- Genre: Mystery film
- Based on: Billie Blessing series by Al Roker
- Written by: Shelley Evans Amber Benson
- Directed by: Terry Ingram Kevin Fair Andy Mikita
- Starring: Holly Robinson Peete Rick Fox Colin Lawrence
- Original language: English
- No. of episodes: 6

Original release
- Network: Hallmark Movies & Mysteries
- Release: January 21, 2018 – May 23, 2021

= Morning Show Mysteries =

Morning Show Mysteries is a series which airs on Hallmark Movies & Mysteries channel. Hallmark announced its first mystery series starring people of color on July 31, 2017. The episodes are based on the Billy Blessing novels by Al Roker. They star Holly Robinson Peete, Rick Fox and Colin Lawrence. The first aired in 2018.

==Series overview==
The theme for the Morning Show Mysteries series centers around a Seattle-based, TV chef Billie Blessings (Robinson Peete) as she becomes involved in various murder criminal investigations, and her relationship with police detective Ian Jackson (Fox) who is in charge of the homicide unit.

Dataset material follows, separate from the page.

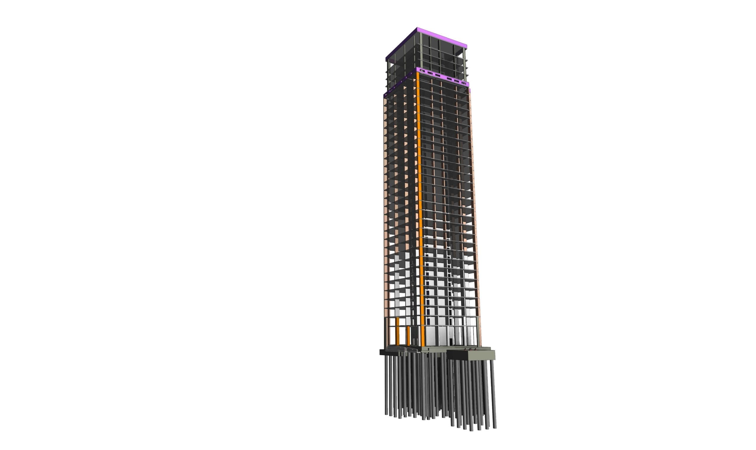 This arrangement lent itself to the structural concept of one set of columns located on the periphery of the tower supporting flat slabs which run back into the shear core, which will be acting as the main primary lateral stability element in all directions.
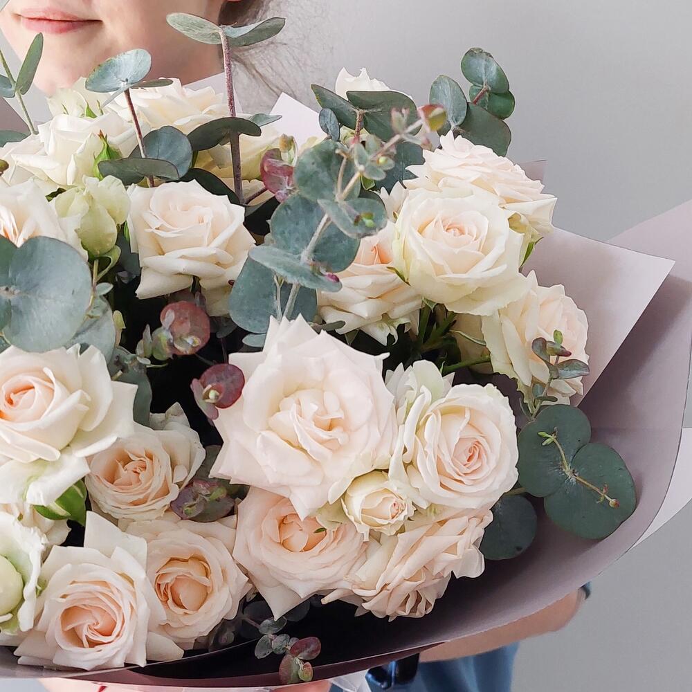 Букет из кустовых роз и эвкалипта

As of 2021, Rick Fox left the series and was replaced by Colin Lawrence playing the new head of homicide, Detective Sergeant Tyrell Price.

==Cast and characters==
- Belinda "Billie" Blessings (Holly Robinson Peete) is a chef, restaurant owner, and morning show segment host.
- Ian Jackson (Rick Fox) is a police detective in charge of the homicide unit. (2018–2019)
- Cassandra "Cassie" Shaw (Karen Robinson) is Billie's aunt and manages her restaurant, Blessings Kitchen.
- Maurice (Greg Rogers) is a former convict who now cooks for Blessings Kitchen and has a dog named Feathers.
- Phil (Jesse Moss) is a producer on the morning TV show and often helps Billie investigate the murders.
- Lance (David Lewis) is a co-host on the morning TV show.
- Wallace "Wally (Osric Chau)
- Tyrell Price (Colin Lawrence) is the new head of Homicide after Ian leaves.

== List of episodes ==

| No. | Title | Directed by | Written by | Original release date |
| 1 | "Morning Show Mystery: Mortal Mishaps" | Terry Ingram | Shelley Evans | January 21, 2018 |
Someone bakes a poisoned cake. Rudy gets the cake after Billie shows it in TV Morning Show. He dies in Billie's family restaurant. Billie's being framed. She investigates.
| 2 | "Morning Show Mysteries: Murder on the Menu" | Kevin Fair | Shelley Evans | July 22, 2018 |
When a dead body turns up in the car of one of her guests, a temperamental celebrity chef, Billie Blessings is on the case again.
| 3 | "Morning Show Mysteries: A Murder in Mind" | Kevin Fair | Amber Benson | April 14, 2019 |
Billie Blessings searches for the real killer, when her friend is accused of murder.
| 4 | "Morning Show Mysteries: Countdown to Murder" | Kevin Fair | Shelley Evans | April 21, 2019 |
The murder of a supermarket owner puts TV chef Billie Blessings and Detective Ian Jackson on the trail of a possible serial killer, while they come to terms with their blossoming romance.
| 5 | "Morning Show Mysteries: Death by Design" | Kevin Fair | Amber Benson | April 28, 2019 |
Billie and Ian are on the case after Billie's best friend's twin sister is found strangled to death, with no shortage of suspects at hand.
| 6 | "Morning Show Mysteries: Murder Ever After" | Andy Mikita | Shelley Evans | May 23, 2021 |
Billie finds a corpse in her friend's father's basement, and gets involved in the murder investigation.